Working out how to model damage mechanisms
Cooper also conducted modeling and simulations for a generic body armor configuration. The work was aimed at understanding the modeling problem rather than reaching conclusions applicable to specific armor. Her simulation studied pressures within the heart, lungs and other organs in different scenarios, such as a soldier standing about 10 feet from a roadside bomb blast.
“We looked at pressure as well as the shearing stress that can lead to tissue tearing, and found that in this notional case, having padding behind the armor actually increased peak pressures in life-critical organs, the heart and the liver, which could lead to damage,” Cooper said. “It also led to an increase in shear stresses in all of the organs that we looked at.
“This is just an example of how we can use our modeling and simulation tools. If someone came to us with their armor design and said, ‘Would you take a look at this,’ we could vary the materials of the foam padding, the positioning of the foam padding, the size or geometry of the foam padding or of the armor plate itself,” she said. “We could look at variations on their design and let them know this change makes it better, that change makes it worse.”
The project has a long-term association with Dr.

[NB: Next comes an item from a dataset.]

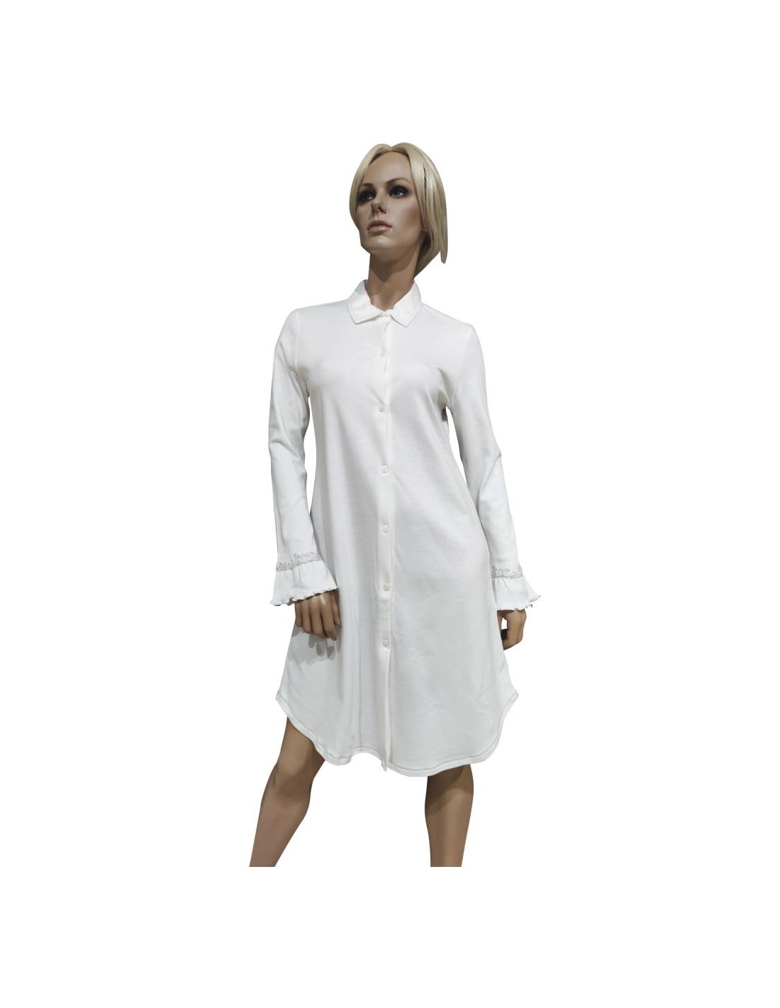 Chiusura a Bottoni, colletto e manica lunga rifinita con pizzo.

Corey Ford at the University of New Mexico Health Sciences Center and a more recent one with the Air Force San Antonio Military Medical Center. Cooper, Taylor and team member Chad Hovey recently presented their research at the International Mechanical Engineering Congress & Exposition, work that was funded through the Military Medical Center. Haniff and Taylor gave a presentation at the same conference, outlining microscale cavitation studies, work funded by the U.S. Office of Naval Research by Dr. Tim Bentley, and published a paper on the topic in a recent edition of Shock Waves. The fifth team member, Ryan Terpsma, has assisted in macroscale modeling of behind-helmet blunt trauma resulting from bullet impacts.
The team also works with experimental collaborators at Los Alamos National Laboratory, New Mexico Tech and its Energetic Materials Research and Training Center, and Michigan State University, some of whom perform blast tube experiments on a physical model. The project recently began working with Team Wendy, a company that manufactures military and civilian helmets.